En eso, un grito de furia hizo temblar la tierra. Enterado de la muerte de su

joven amigo, Eneas atravesaba el campo de batalla como un león

embravecido, en pos de la cabeza de Turno. La furia redobló sus fuerzas y

así, a golpes de acero, logró quebrar el cerco latino que asediaba a los

troyanos. Finalmente, su hijo Ascanio y los demás soldados pudieron salir a

dar pelea.

Desde el Olimpo, Júpiter contemplaba el desarrollo de los sucesos.

- Querida Juno- dijo a su esposa, en tono socarrón-, veo que los

troyanos se están imponiendo solo “gracias a la ayuda de Venus…”


- Te burlas de mí, ¿verdad? - replicó ella, molesta.

- ¿Eso crees? – Júpiter soltó una carcajada-. Es evidente que Eneas y

sus hombres son capaces de cualquier hazaña, y sin ayuda divina.

- De acuerdo- dijo Juno-. Pero, al menos, quisiera salvar la vida de

Turno. No olvides que por sus venas también corre sangre divina.

- Puedes apartarlo de la batalla, si quieres… aunque solo sirva para

demorar su inevitable final.

Sin perder el tiempo, Juno, oculta dentro de una nube, descendió a la tierra.

Una vez allí, sus manos prodigiosas amasaron el aire hasta crear un “doble”

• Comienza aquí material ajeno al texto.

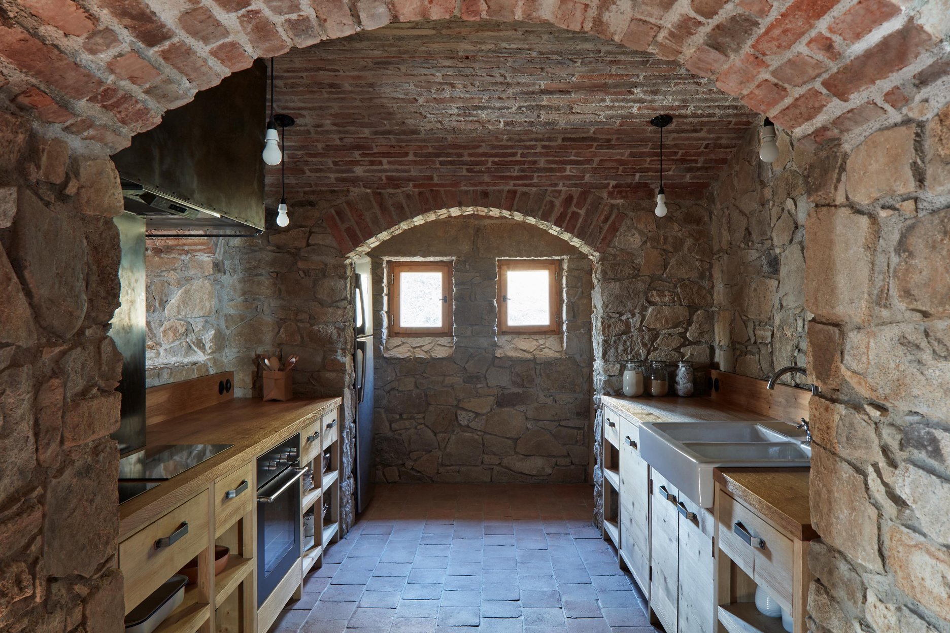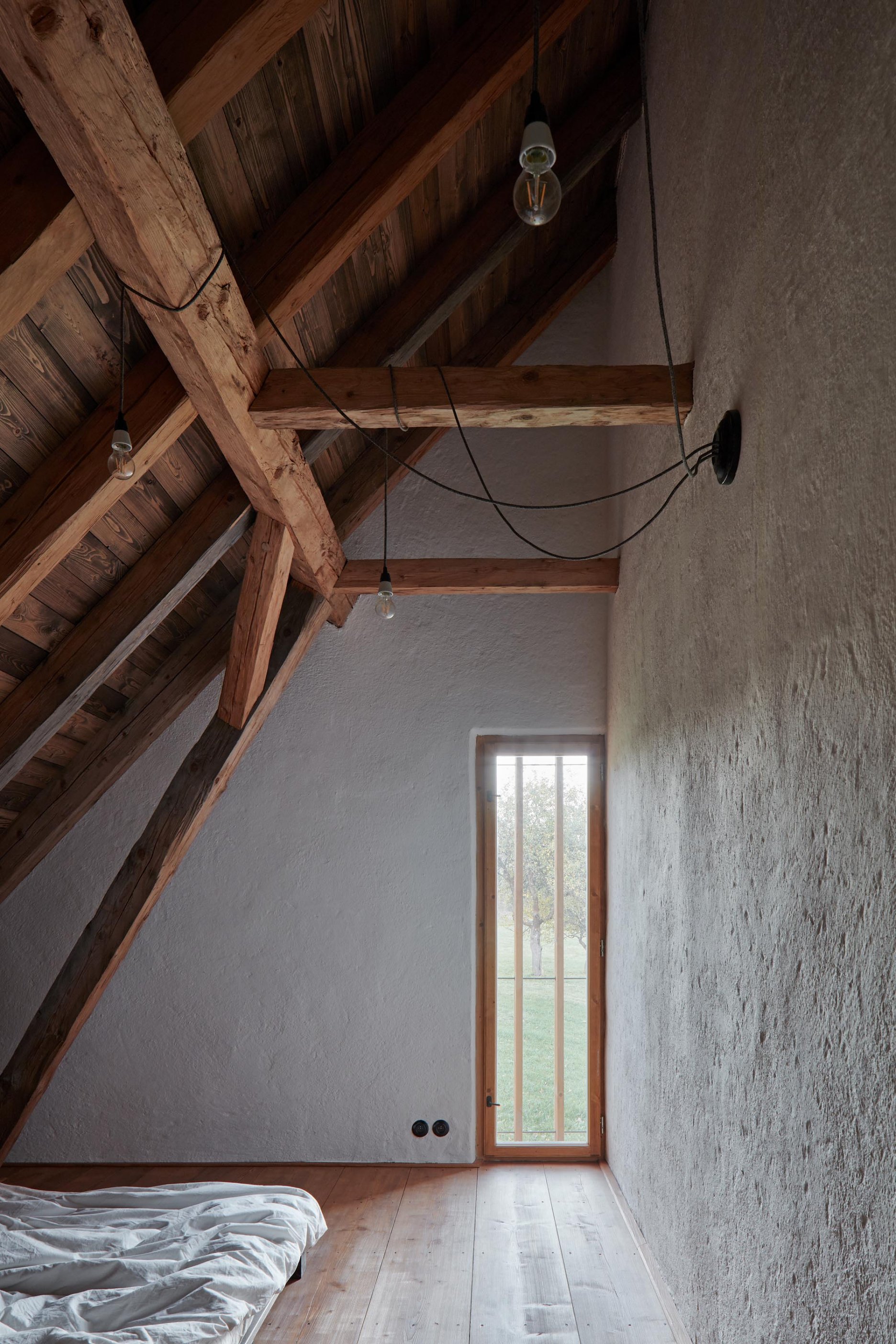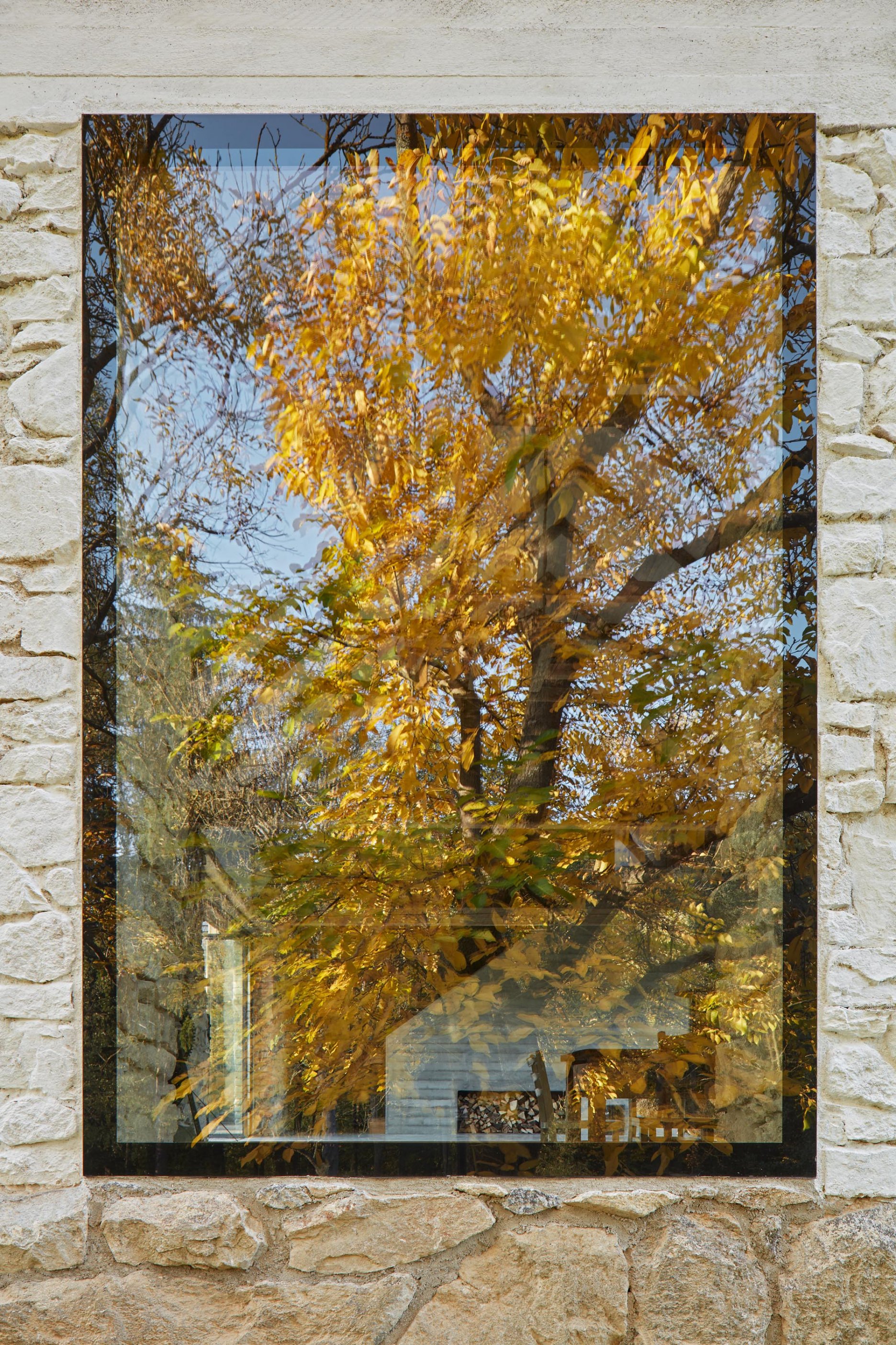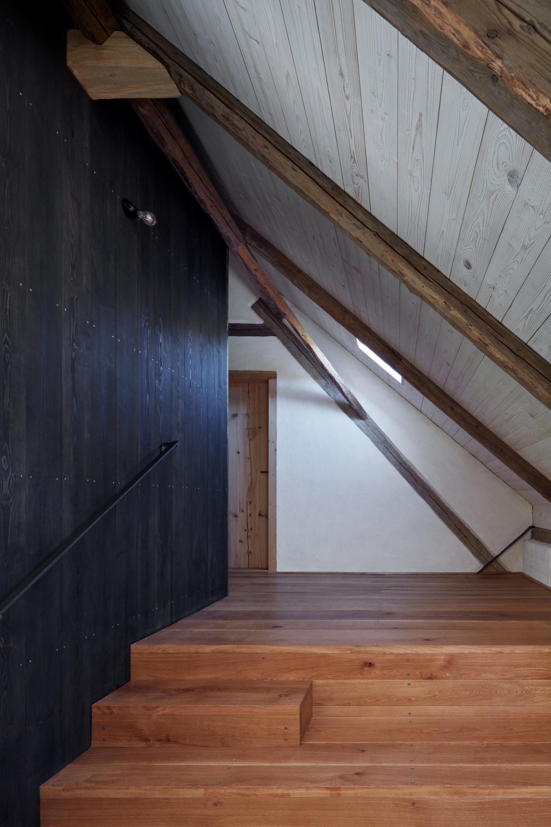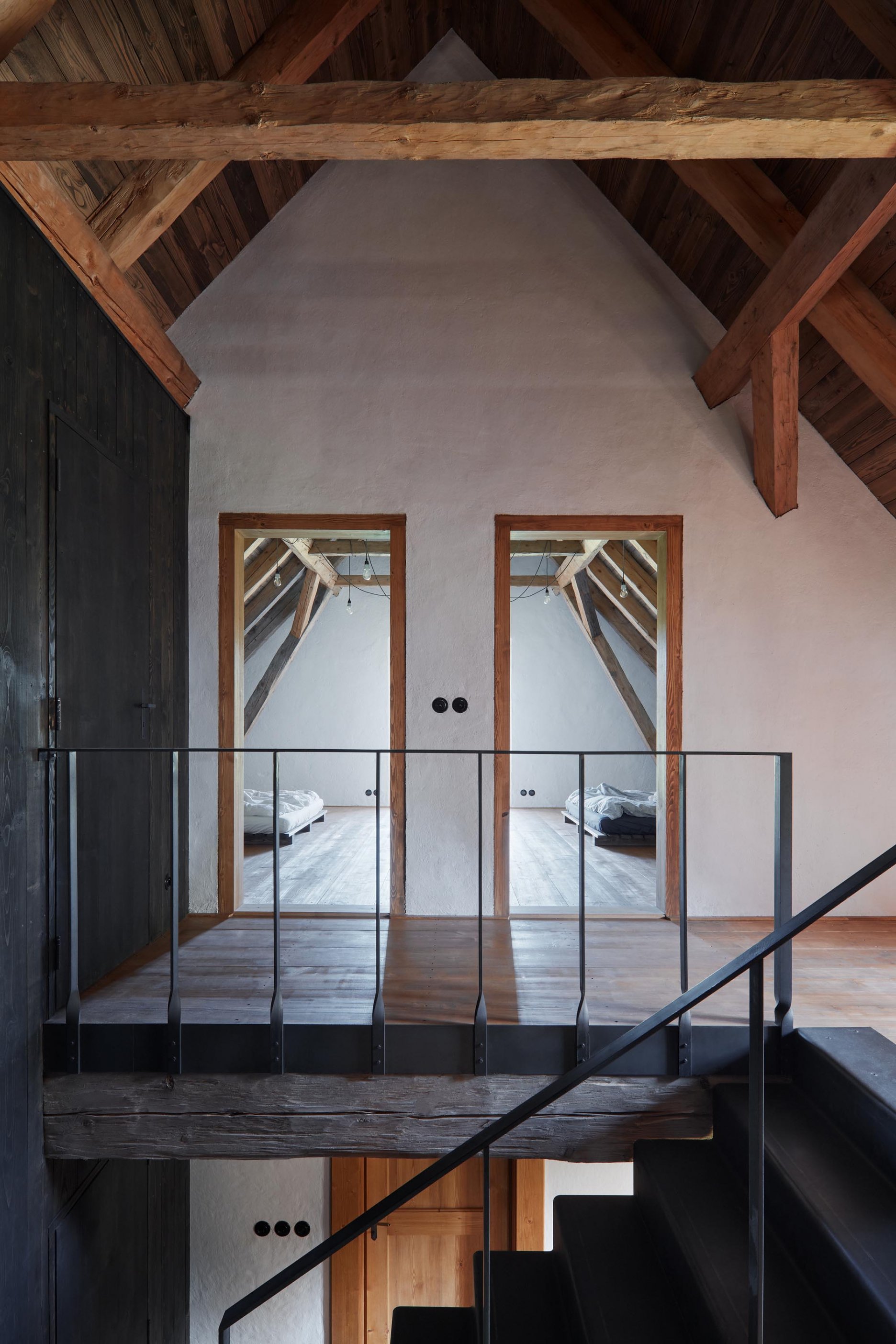 Pôvodné kamenné steny zostávajú vo vnútri odhalené. Murivo dopĺňa stena z pohľadového betónu s odtlačkami debniacich dosiek, ktorá ukrýva schodisko a saunu. Na pozadí svetlého zákrytu vyniká pôvodný krov a veľký otvorený priestor. Interiér sa nerušene otvára vďaka skladacím preskleným krídlam do záhrady i na lúku za domom. Presvetlenie zabezpečuje aj presklenie v štíte stodoly. Pomyselné srdce domu tvorí otvorený krb na kameni z neďalekej stráne.

de Eneas, al que dotó de un yelmo, una espada y un escudo iguales a los

que usaba el héroe troyano. Por último, soltó aquel engendro en el campo

de batalla e, imitando la voz de Eneas, exclamó:

- ¡Acá te espero, Turno! ¡Pelea si eres hombre!

La respuesta del jefe rútulo fue un vigoroso lanzazo. El “falso” Eneas lo

esquivó y “tembloroso”, emprendió la huida.

- ¿Me provocas y luego escapas, cobarde? – gritó Turno, sorprendido.

Y persiguió al falso Eneas hasta el navío donde el fantasma trepó

para ocultarse.
- ¡Da la cara, ratón de bodega! – se burlaba el rey rútulo-. ¿No ibas a

fundar la Troya en esta tierra, de la que ahora huyes como una

gallina?

La poderosa Juno, satisfecha por el resultado de su sortilegio, rompió las

amarras de la nave y sopló con fuerza, hasta empujarla mar adentro.

En el frente de batalla, el verdadero Eneas combatía a sus enemigos con la

violencia de un tifón, en busca de Turno… Pero este se hallaba lejos de allí,

revisando cada rincón del barco en busca del falso Eneas. De pronto, el

espectro abandonó su escondite, se desintegró en el aire y se perdió entre

las nubes. Al verlo, Turno clamó al cielo, furioso:

- ¡He sido engañado! ¡Y mis soldados pensarán que los abandoné!

No comprendía que la astucia de Juno lo había salvado de morir en el

campo de batalla. Desesperado, pensó en quitarse la vida, pero la mano

invisible de Juno aplazó su muerte una vez más.

La guerra se volvía cada vez más cruenta. Congregados en la morada de

Júpiter, los dioses seguían atentos las desdichas de los mortales que caían

como moscas.

Ante la ausencia de Turno, un rey llamado Mecencio, tan cruel y osado

como aquel, tomó la posta para enfrentar a los troyanos. Pero se topó con el

implacable Eneas. Mecencio arrojó su lanza contra el héroe. Eneas, bien


plantado, la interceptó con su escudo, dio un salto gigante y atravesó la

armadura de Mecencio con su espada. La sangre brotó del guerreo abatido.

Cuando Eneas se disponía a ultimarlo, Lauso, el joven hijo del caído, se

interpuso.

- ¡Apártate, muchacho! – ordenó el jefe troyano.

Pero Lauso no obedeció, y Eneas, ciego de ira, hundió su espada en el

pecho del joven.

La inocente y atónita mirada del joven causó un profundo impacto en el

alma de Eneas. Pensó en Ascanio y soltó un gemido, imaginando cómo se

rompería su corazón si perdiera a quien más quería en el mundo. Entonces

tomó en sus brazos el cuerpo de Lauso y, respetuosamente, lo entregó a los

latinos.

Mecencio, que se había alejado apenas para recuperar fuerzas, advirtió que

los soldados traían el cuerpo sin vida de su hijo. Embargado de furia y

dolor, se incorporó sobre su muslo destrozado, montó su caballo y, armado

hasta los dientes, galopó al encuentro de Eneas.